И в том‐то и дело, что из всего ассортимента наглядной агитации того времени, пестрой колодой мелькающей в руках дежурных шарлатанов‐мемуаристов, у Хаирова – лишь те вещи, которые не вынесешь тайком в блокноте агитатора в свои будущие воспоминания. Запахи, звуки. «Мой нос многое помнит, – соглашается автор. – Нет‐нет, да и появится в ноздрях дурманящий запах бензина из кабины грузовика, острый солярочный – от шпал и придорожной травы, сладковатый – от пивных дрожжей, горячий хлебный – от потной лошади». Эти «компоненты» памяти как раз и есть передуманное и пережитое, снящееся и мерещащееся в каждом скрипе входной двери.
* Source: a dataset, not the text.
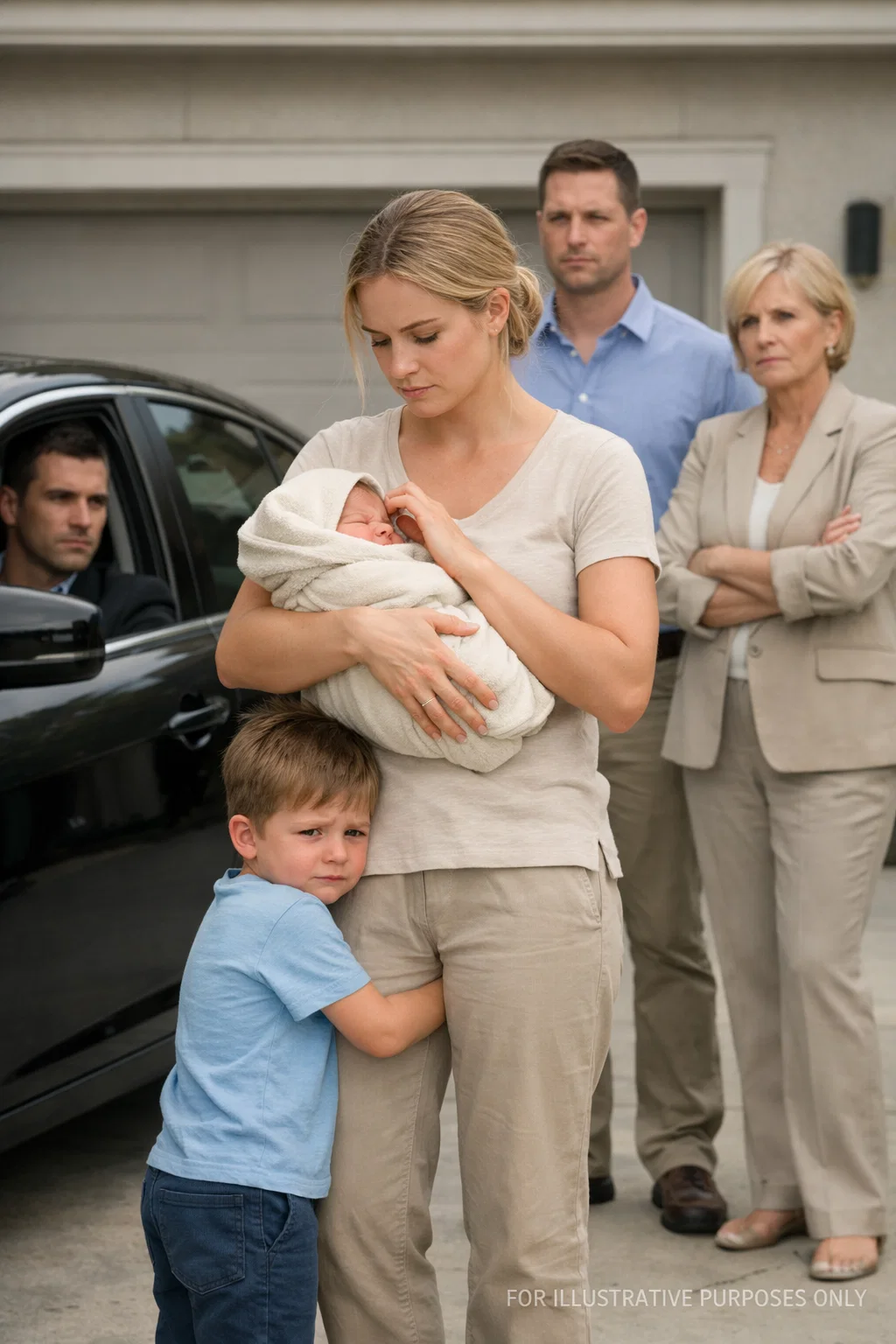 The heat pressed down on my shoulders like something alive, heavy and unrelenting, while I lifted my hand to shield my newborn daughter’s face from the harsh Texas sun, even though my arm trembled from exhaustion and the quiet fear I refused to name. My other hand held tightly onto my five-year-old son, whose fingers clung to mine with desperate strength, as if he already understood that something permanent had just shifted, even though he was still too young to explain the panic rising in his chest. Behind us, the…
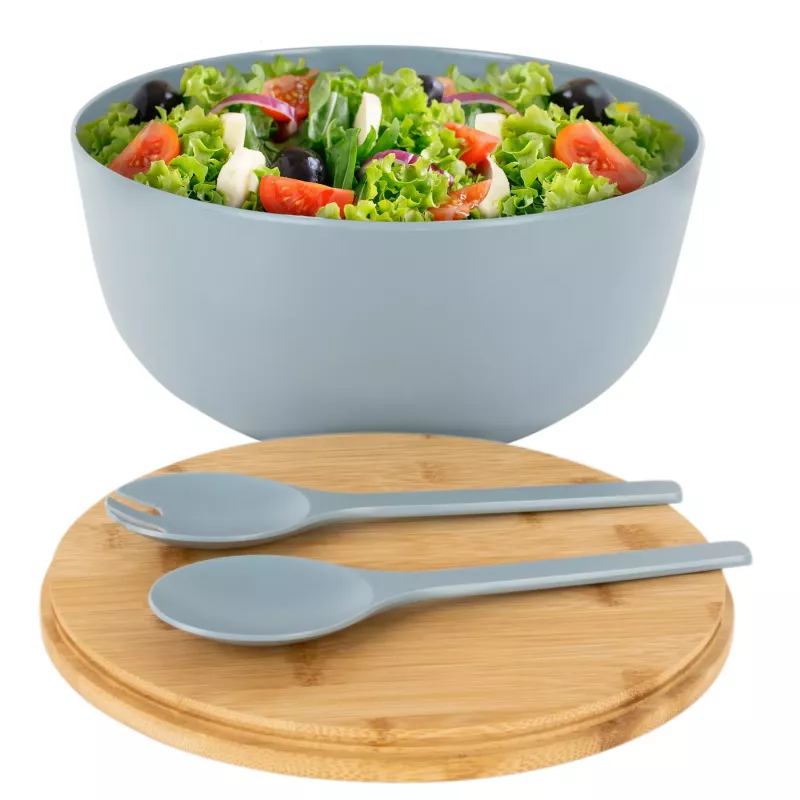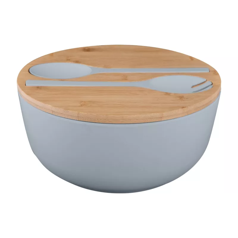 Il set GreenKick con ciotola antiscivolo e posate integrate è ideale per servire insalata, verdure o piatti freddi con stile anche all’aperto. Realizzato in melamina di alta qualità con finitura sobria e moderna nella variante Grigio (C06), unisce estetica e praticità: la base antiscivolo assicura maggiore stabilità, le posate incluse offrono comodità immediata e il materiale è resistente, leggero e lavabile.

Спросить бы, кто там – может, бабушка вернулась. «Она что‐то спрашивает, но ответить не могу. Пирожок мешает!»
Хотя, конечно, можно и не отвечать, ведь все равно не страшно – личную память не утащить в ливерную историю страны, и можно смело вспоминать, что детство это там, где «деревянные ступени попискивали, как котята», «с обжигающей горки молодой картошки неумолимо скользит вниз, разрушаясь, куб сливочного масла», а «под кроватью слышалось чревоугодное потрескивание запасённых впрок огромных астраханских арбузов, которые в дом затаскивали матросы двухпалубного парохода под названием “Семнадцатый год”». Какого еще Носова вам надо?
Кроме того, о детстве‐отрочестве‐юности неподалеку и где-то рядом писали многие, каждый со своим личным придыханием, столичным или не очень акцентом и авторской, как водится, интонацией, но в случае с прозой Хаирова его рассказы о прошлом – это еще и роскошная экзотика, забытое пиршество красок вроде живописи Сарьяна и Пиросмани, в описываемое время не особо популярных классиков стиля. Убегали дети у Чехова, стояли табором цыгане у всех остальных. Здесь вроде бы все по накатанной, ведь библиотека приключений от Жюля Верна до Фенимора Купера особо не изменилась со времен «проклятого» царизма, и Словарем Брокгауза и Ефрона вполне можно было обойтись – та же Большая советская энциклопедия только без космонавтов. Главное, добавить к Чехову местного чеснока, и получится еще тот Монтигомо Ястребиный Коготь! «Осенью в детсаде я подбил на побег двух приятелей. Уйти далеко нам не удалось. Погоня шла по пятам. Чтобы меня не узнали, я надел картуз задом наперёд и пошёл прихрамывая».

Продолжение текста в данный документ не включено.